Introduction

SSARE is an open-source service designed to orchestrate the collection, processing, and analysis of news articles, with a focus on political intelligence.

SSARE stands for Semantic Search Article Recommendation Engine.

Key Features:

Scraping

Ingest data from arbitrary sourcing scripts

Vector Processing

Convert articles into vector representations

Entity Recognition

Identify entities like locations, persons, and organizations

Geocoding

Convert recognized locations to geographical coordinates

Storage

Store articles and metadata in SQL and vector databases

Querying

Provide endpoints for semantic search and recommendations

LLM Classification

Use natural language models to organize, label, and rate data

Local LLM Support

Integrate with Ollama for on-premise LLM processing

Structured Output

Leverage Instructor for generating structured data from LLMs

Orchestration

Manage and schedule tasks efficiently using Prefect, a workflow orchestration and observation tool. It can be observed in the SSARE Dashboard.

Quick Start

  1. Get SSARE up and running in minutes:
bash
git clone https://github.com/open-politics/SSARE.git
cd SSARE
mv .env.example .env
docker-compose up --build

Access the dashboard at

bash
http://localhost:8089/

Architecture

Our data engine consists of several pipelines packaged in individual Docker instances. Each of these acts like a serverless or ETL workflow, engineering new features upon the base doc format.

This modular approach allows for the seamless integration of new features and data sources.

Orchestration & observation

Prefect

Services

Databases

Flows

Ingestion Process

Ingestion Process

Collect Articles

Scraper scripts collect articles from various sources. Sources can be adjusted with custom source scripts, just make them return:

url, headline, paragraphs and source in a csv file.

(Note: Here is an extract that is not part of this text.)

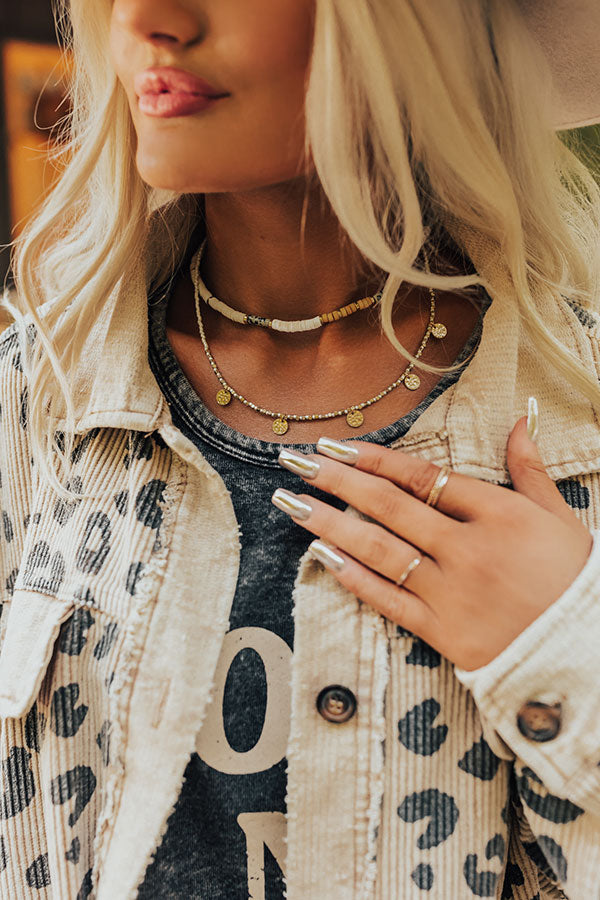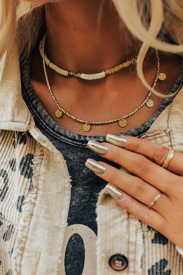 Our 'Weekend Coffee Run' layered necklace will have you looking on-trend this season! This heishi beaded necklace features a stone hue, gold accent layer, and chain/clasp closure for adjustable length.

This flexibility allows you to integrate various data sources into the SSARE pipeline.

Process Articles

Articles are processed for new features. Each of the following steps is a microservice roughly working in the same way:

Vector Representation

Convert article text into numerical vectors for semantic analysis.

Entity Extraction

Identify and extract named entities such as persons, organizations, and locations.

Geocoding

Convert extracted location entities to geographical coordinates.

Classification

LLMs are used to classify the article into the categories you want to use. With instructor you can choose any dimension that you wish to analyse your data by. You can use str, int, List[str] and most other regular types supported by Pydantic models to define your classification schema. This flexibility allows you to tailor the classification to your specific needs and extract structured information from the articles efficiently.

You can use local llms with Ollama through SSARE, just change LOCAL_LLM=True in the .env.

These examples demonstrate how you can create custom intelligence systems to extract specific metrics from articles, tailored to your analysis needs.

Store Data

Processed data is stored in PostgreSQL and vector databases.

Access

API endpoints allow for querying and retrieval of processed data. Here’s a detailed breakdown of the API endpoint for retrieving articles:

Get Articles

This endpoint allows you to retrieve articles with various filtering options. It supports both text-based and semantic search, and can filter articles based on the presence of embeddings, geocoding, entities, and classifications.

The response will include detailed information about each article, including its content, associated entities, tags, and classification (if available).

Adding Sources

1

Create Scraping/ Sourcing Script

To add a new source to SSARE, create a scraping script in the scraper_service/scrapers folder. That doesn’t necessarily need to be scraping script, it can also be just a function where you load data e.g. from an S3 Storage Bucket.

2

Define Output

Ensure your script outputs a DataFrame with the following columns:

| url | headline | paragraphs | source |

3

Integrate with SSARE

Add your new scraper to the SSARE pipeline for automatic processing.

Use Cases

Entity Ranking

Retrieve and rank entities from your processed articles:

GeoJSON Generation

Create GeoJSON features from the locations in your data:

Roadmap

Custom Embedding Models

Support for user-defined embedding models

Enhanced Geocoding

Improve accuracy and coverage of location data

Kubernetes Orchestration

Scalable deployment with Kubernetes

Expanded Scraper Support

We are looking forward to creating “flavors” of information spaces. This will need flexible and modular scraping.

Knowledge Graphs

Implement knowledge graph capabilities for enhanced data relationships

GraphRAG

Integrate Graph Retrieval-Augmented Generation for improved context understanding

Custom Information Spaces

Our initial focus is on international politics and global news. We aim to expand this to individual information spaces for more granular coverage. We’re also working towards multi-region and multi-language support.

Contributing

We welcome contributions from developers, data scientists, and political enthusiasts. To contribute:

  1. Fork the repository
  2. Create a new branch for your feature
  3. Commit your changes
  4. Open a pull request

For major changes, please open an issue first to discuss what you would like to change.

License

SSARE is distributed under the MIT License. See the LICENSE file in the repository for full details.